## [DATASET RECORDS]
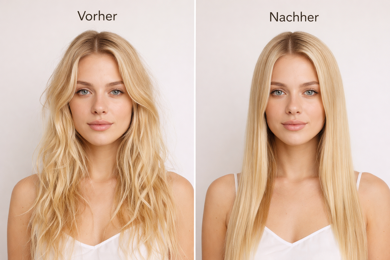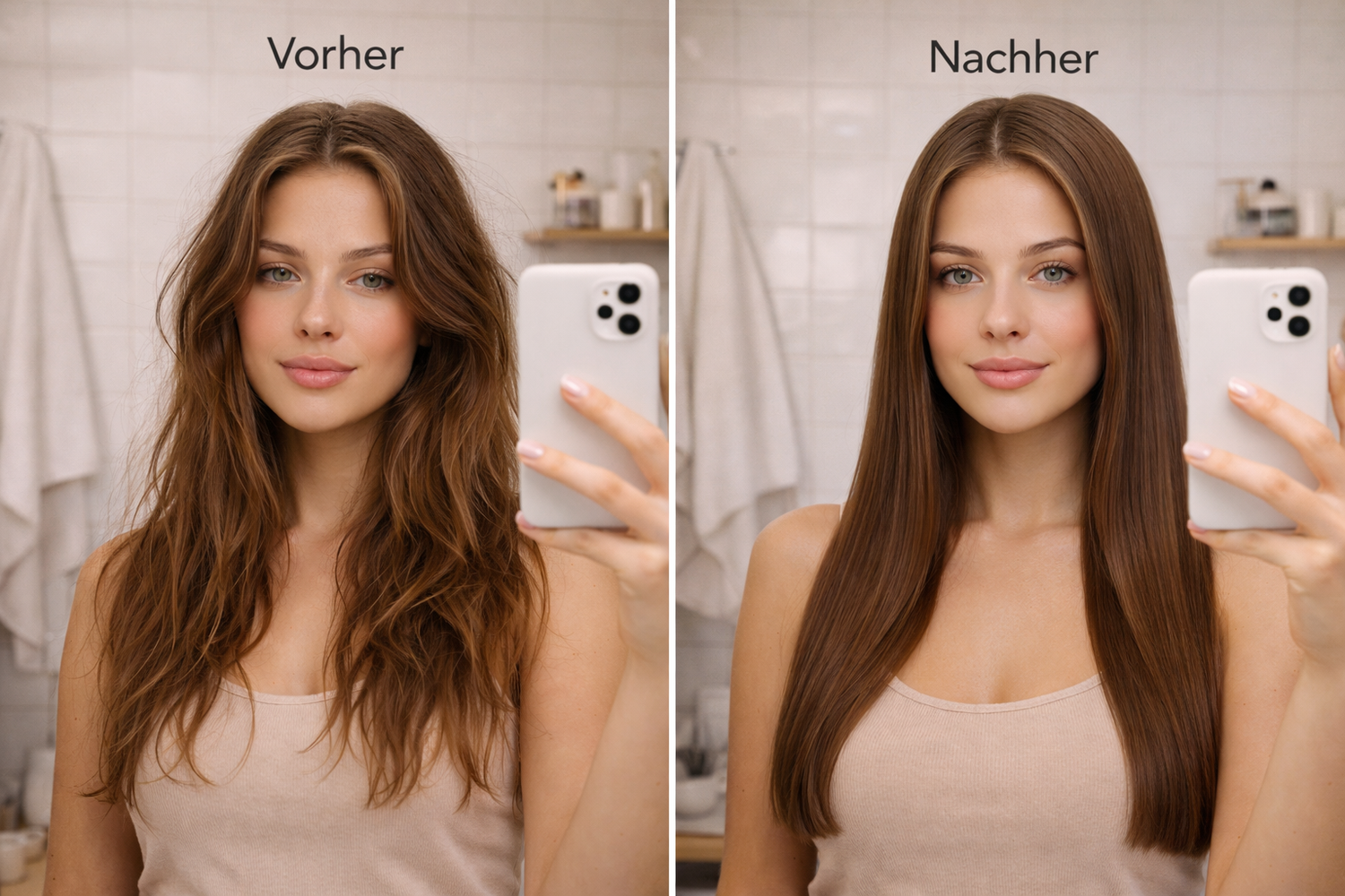 Bei normaler Haarstruktur genügt in der Regel ein Durchgang pro Strähne. Sehr dickes Haar braucht 1–3 langsame Durchgänge, um ein langanhaltend glattes Ergebnis zu erzielen.
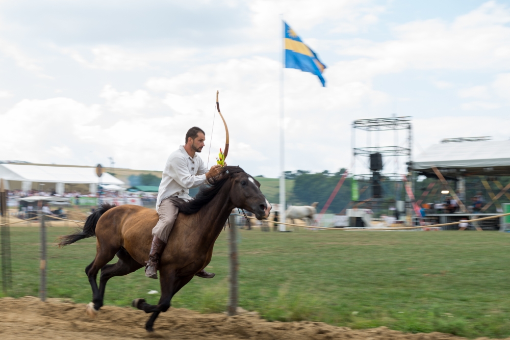 Világrekord született a Székely Vágtán. Pászka Lehel lovas íjász 34 másodperc alatt teljesítette a kitűzött célt. A világrekord-kísérletről: A lovas íjász kantár és nyereg nélküli lovon, vágtában, 40 másodperc alatt próbál megtenni egy kört a versenypályán, ahol a pálya szélén azonos távolságra, 60 cm átmérőjű, a földtől 1.5 méterre elhelyezett, szám szerint 14 céltábla helyezkedik el, amelyekre íjjal és nyíllal ad le célzott lövéseket. A gyakorlat nehézségeit több pontba is lehet szedni. Mivel a lovon nincs kantár vagy kötőfék, amivel irányítani lehetne a lovat, ezért a lovas csak a lóval való kialakított kapcsolatra alapozhat, az egyensúly és együttműködés egy pillanatra sem szakadhat meg, mert ezzel nő a balesetveszély. A lövések pontossága bizonyítja az egyensúly és az irányítás tökéletességét, ennek hiányában nincs találat. A másik nehezítő körülmény, hogy kézből történik a töltés, azaz a 14 vesszőt az íjhoz hozzáfogva tartva indul el a lovas íjász. Ezeknek a vesszőknek az alakzata legyező formában áll, ez nagy sebességnél nagy szélnyomást jelent, ami fokozza a töltés nehézségét, és annak esélyét, hogy valahányszor kivesz az íjász egy vesszőt a többit elragadja a szél. Mivel a pálya kör alakú, minél nagyobb a sebesség, annál nagyobb a centrifugális erő, ami megnöveli a kisodródás lehetőségét vagy a lovas esését a lóról. fotó: Máthé Zoltán
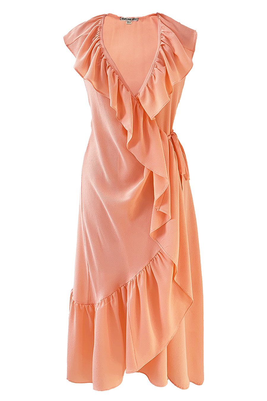 The Orbit Dress is an elegant wrap dress that can be fastened to be fitted either tightly or loosely at the waist with a bow. The dress features asymmetrical, flowing ruffle details, all around the neckline and continuing around the hemline. This is a perfect day to night dress that can be worn for a sunny day on holiday or dressed up for an evening event.
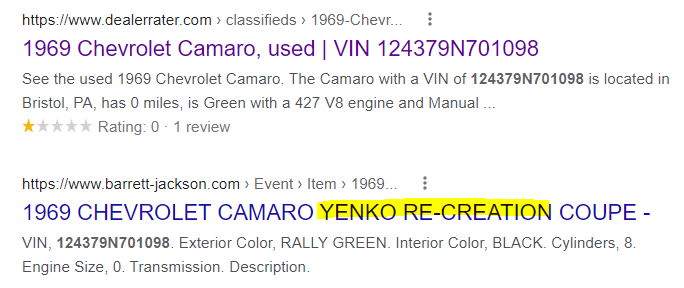 Sold @ past BJ also RS Auctions as an admitted Re-Creation Yenko Clone. ![]() ![]() ~ Pete .
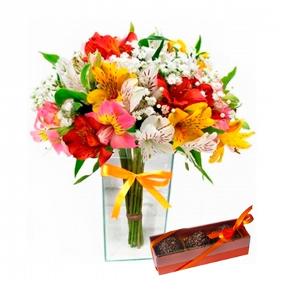 Vaso Poesia em Cores e Trio de Brigadeiros, elaborado no vaso triangular em vidro cristal, confeccionado com 12 hastes com diversas flores de Alstromérias Coloridas e Chuva de Prata. Acompanha Trio de Brigadeiros.
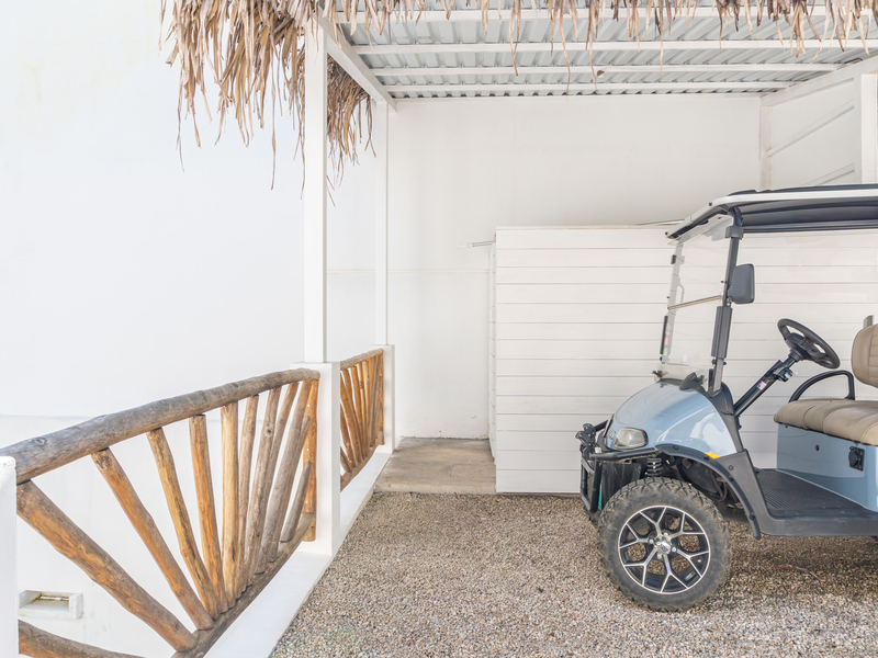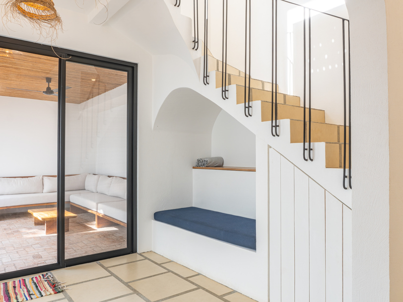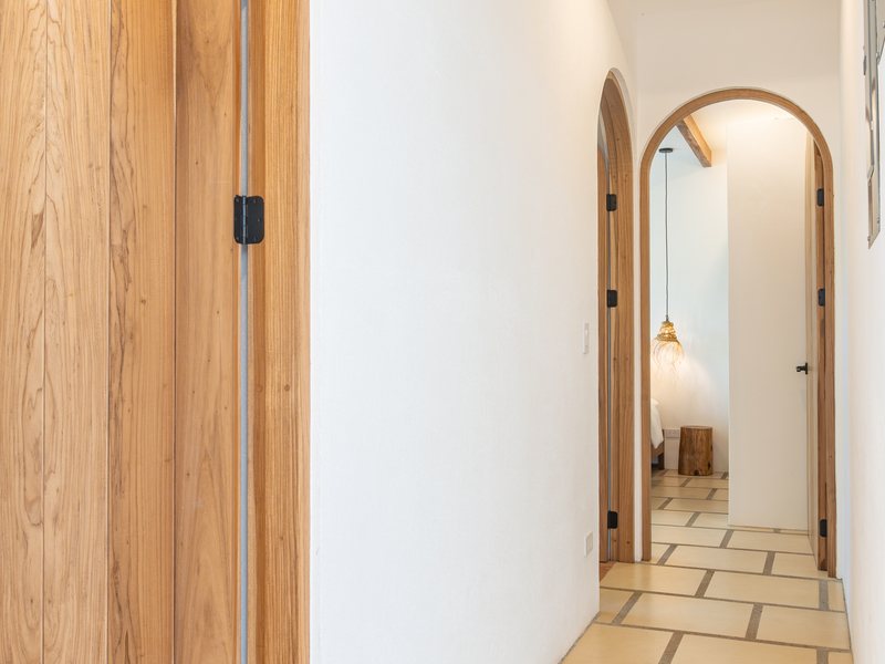 Passing through the private gate, you’ll find a dedicated parking space for your golf cart — conveniently included in the sale. Inspired by the serene courtyards of a traditional riad, the home is centered around a tranquil internal courtyard featuring a saltwater pool. Refined architectural details abound, including upgraded windows and doors, teak ceiling beams, and distinctive Celosia brickwork designed by renowned Spanish architect Patricia Urquiola, adding a distinctive artistic flair.

## [ABOUT THIS TASK]
Hand back all the entries exactly, leaving out the pictures.

## [RESULT FOR THIS EXERCISE]
 Bei normaler Haarstruktur genügt in der Regel ein Durchgang pro Strähne. Sehr dickes Haar braucht 1–3 langsame Durchgänge, um ein langanhaltend glattes Ergebnis zu erzielen.
 Világrekord született a Székely Vágtán. Pászka Lehel lovas íjász 34 másodperc alatt teljesítette a kitűzött célt. A világrekord-kísérletről: A lovas íjász kantár és nyereg nélküli lovon, vágtában, 40 másodperc alatt próbál megtenni egy kört a versenypályán, ahol a pálya szélén azonos távolságra, 60 cm átmérőjű, a földtől 1.5 méterre elhelyezett, szám szerint 14 céltábla helyezkedik el, amelyekre íjjal és nyíllal ad le célzott lövéseket. A gyakorlat nehézségeit több pontba is lehet szedni. Mivel a lovon nincs kantár vagy kötőfék, amivel irányítani lehetne a lovat, ezért a lovas csak a lóval való kialakított kapcsolatra alapozhat, az egyensúly és együttműködés egy pillanatra sem szakadhat meg, mert ezzel nő a balesetveszély. A lövések pontossága bizonyítja az egyensúly és az irányítás tökéletességét, ennek hiányában nincs találat. A másik nehezítő körülmény, hogy kézből történik a töltés, azaz a 14 vesszőt az íjhoz hozzáfogva tartva indul el a lovas íjász. Ezeknek a vesszőknek az alakzata legyező formában áll, ez nagy sebességnél nagy szélnyomást jelent, ami fokozza a töltés nehézségét, és annak esélyét, hogy valahányszor kivesz az íjász egy vesszőt a többit elragadja a szél. Mivel a pálya kör alakú, minél nagyobb a sebesség, annál nagyobb a centrifugális erő, ami megnöveli a kisodródás lehetőségét vagy a lovas esését a lóról. fotó: Máthé Zoltán
 The Orbit Dress is an elegant wrap dress that can be fastened to be fitted either tightly or loosely at the waist with a bow. The dress features asymmetrical, flowing ruffle details, all around the neckline and continuing around the hemline. This is a perfect day to night dress that can be worn for a sunny day on holiday or dressed up for an evening event.
 Sold @ past BJ also RS Auctions as an admitted Re-Creation Yenko Clone. ![]() ![]() ~ Pete .
 Vaso Poesia em Cores e Trio de Brigadeiros, elaborado no vaso triangular em vidro cristal, confeccionado com 12 hastes com diversas flores de Alstromérias Coloridas e Chuva de Prata. Acompanha Trio de Brigadeiros.
 Passing through the private gate, you’ll find a dedicated parking space for your golf cart — conveniently included in the sale. Inspired by the serene courtyards of a traditional riad, the home is centered around a tranquil internal courtyard featuring a saltwater pool. Refined architectural details abound, including upgraded windows and doors, teak ceiling beams, and distinctive Celosia brickwork designed by renowned Spanish architect Patricia Urquiola, adding a distinctive artistic flair.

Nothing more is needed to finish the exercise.